78% of people think 20mph speed limits should be introduced as the norm in residential areas, around schools and in town centres, according to road safety charity Brake.
It comes as the charity introduces its GO 20 campaign, calling on politicians to support changing the default urban speed limit to 20mph.
20mph zones are already widespread in some areas – with Brake claiming these areas have seen significant reductions in crashes. Camden saw a 54% reduction in collisions, while casualties in Portsmouth fell by 22%.
Out of 1,000 people surveyed, seven in 10 said roads in their town or village needed to be made safer for walking and cycling, while 81% said traffic travelled too fast on some or most of their local roads.
The charity argues that 20mph speed limits would improve public health and social activity as more people would feel safe to walk and cycle for local journeys, commuting or enjoyment.
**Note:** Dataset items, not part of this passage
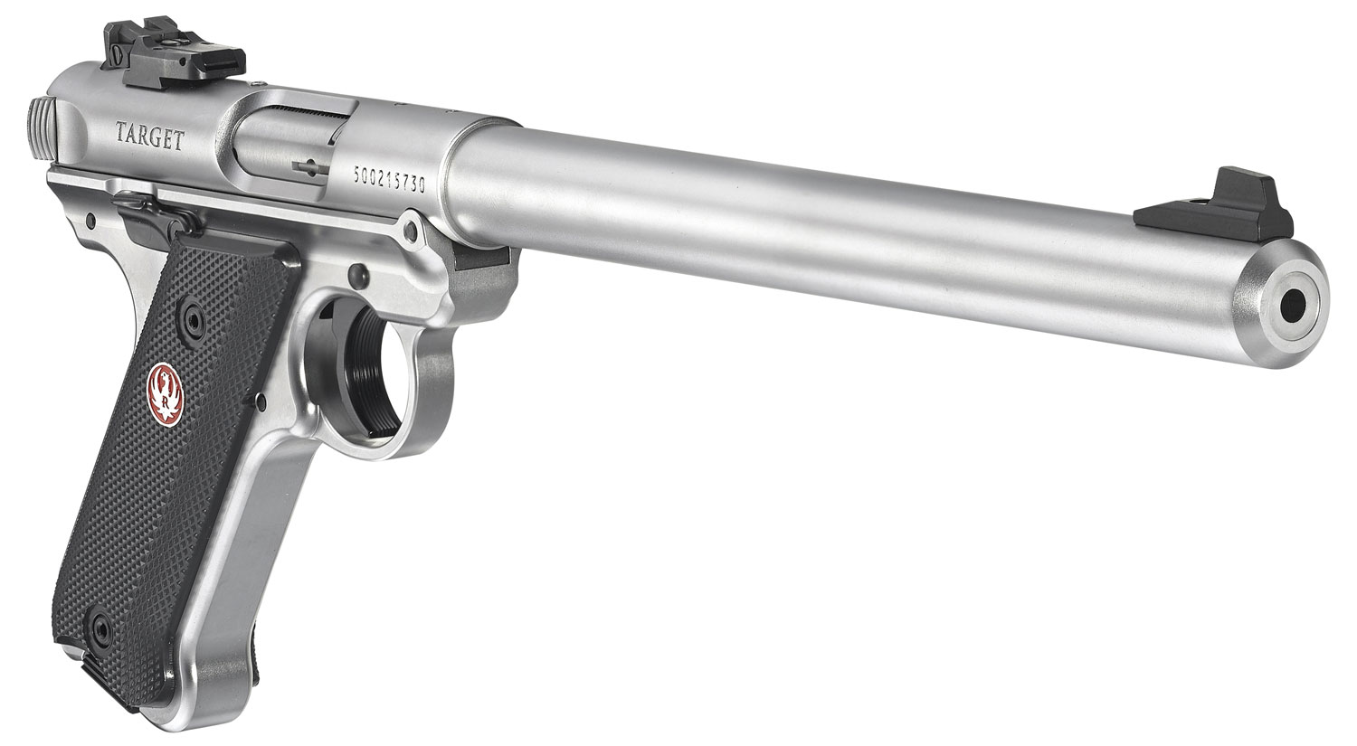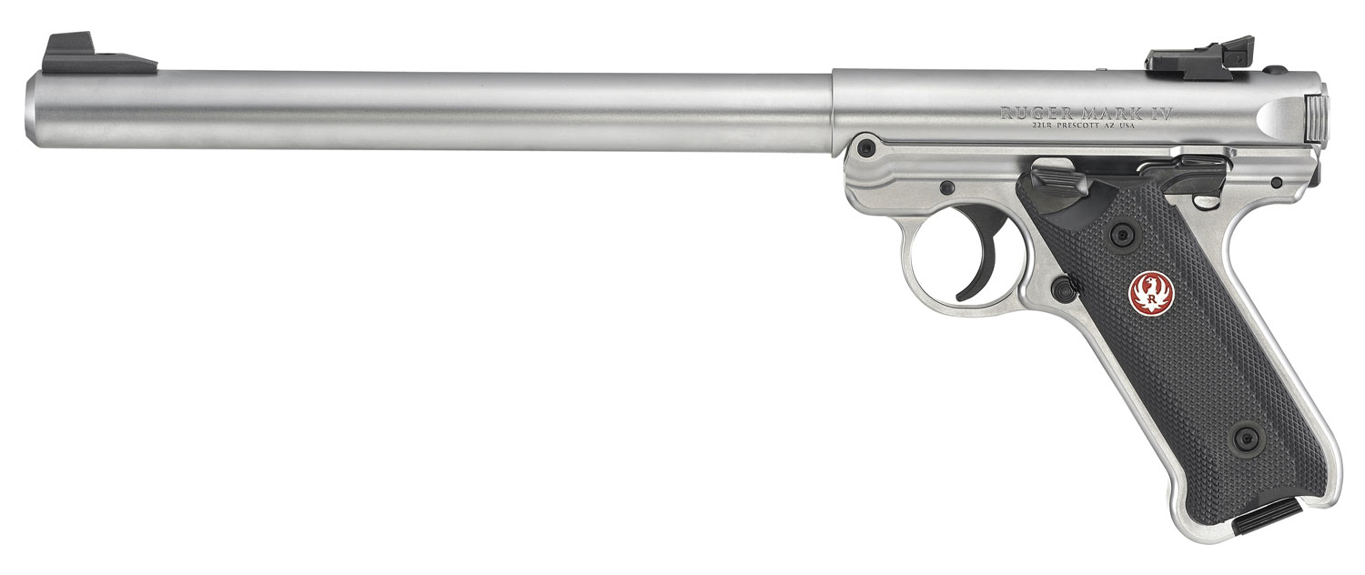 Ruger 40174 Mark IV Target 22 LR 10+1 10″ Overall Satin Stainless Steel Bull Barrel, Slide & Satin Aluminum Frame, Black Checkered Polymer Grips
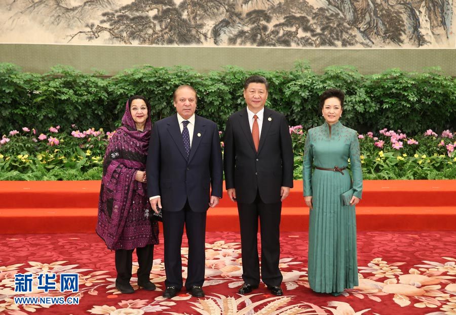 5月14日,国家主席习近平在北京人民大会堂举行宴会,欢迎出席“一带一路”国际合作高峰论坛的外方代表团团长及嘉宾。这是习近平和夫人彭丽媛迎候巴基斯坦总理谢里夫和夫人。新华社记者 姚大伟 摄
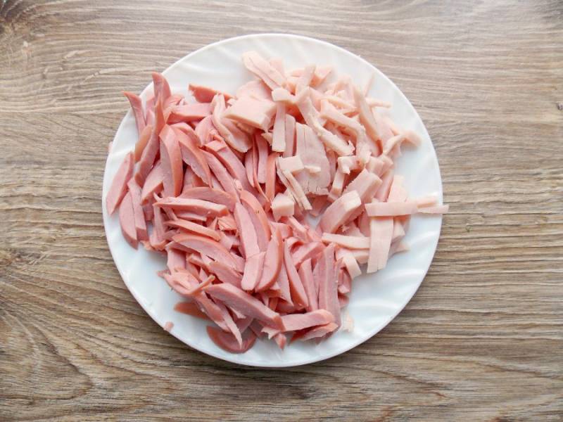 Очистите сосиски от оболочки. Порежьте сосиски и ветчину соломкой, добавьте в кастрюлю с сердцем и мясом.
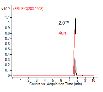 Retention times for ADMA differed only slightly between the 4um and 2.o™ stationary phases. Efficiency however was notably higher when using the 2.o™ phase. This can be readily observed from the greater peak height using the 2.o™ column in the chromatogram overlay comparison shown below:
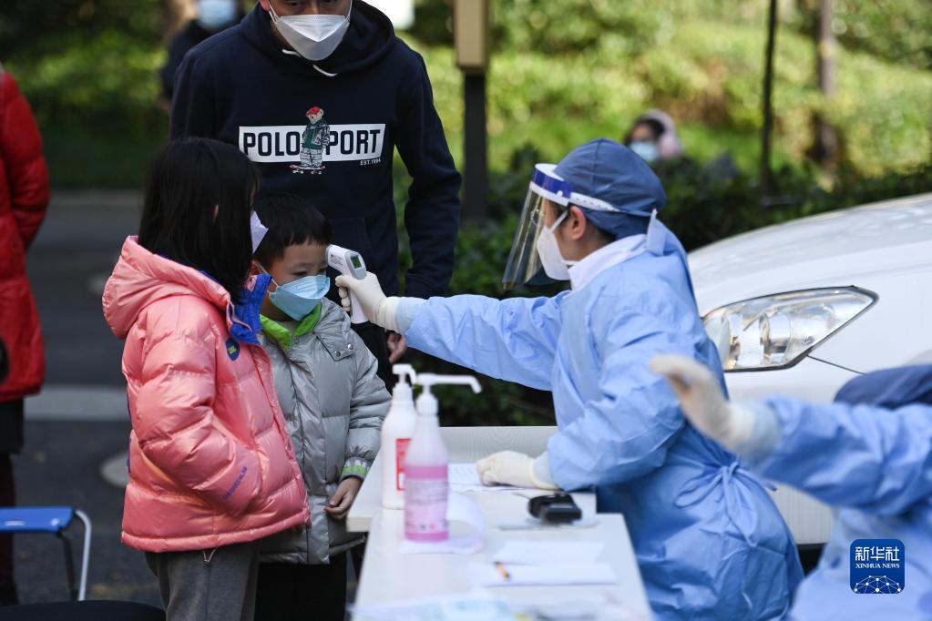 12月21日,杭州市西湖區留下街道社區衛生服務(wù)中心的醫護人員在和家園南社區為發(fā)熱居民測溫、診療。
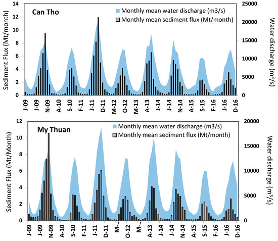 Evolution of monthly mean sediment flux (Mt month−1) and water discharge (m3 s−1) at CanTho (upper panel) and MyThuan (lower panel) stations during the 2009–2016 period.

Brake deputy chief executive, Julie Townsend:
“The GO 20 campaign is about defending everyone’s right to walk and cycle freely without being endangered, whether it’s to get to work, school, the shops, or just getting out and being active.
“With many people already reaping the benefits of living in 20mph areas, we’re reaching a point where it makes no sense to retain 30mph as the default limit in built-up areas. It’s time for the government to GO 20 nationally, to save councils money and help create safe, active, happy communities nationwide.”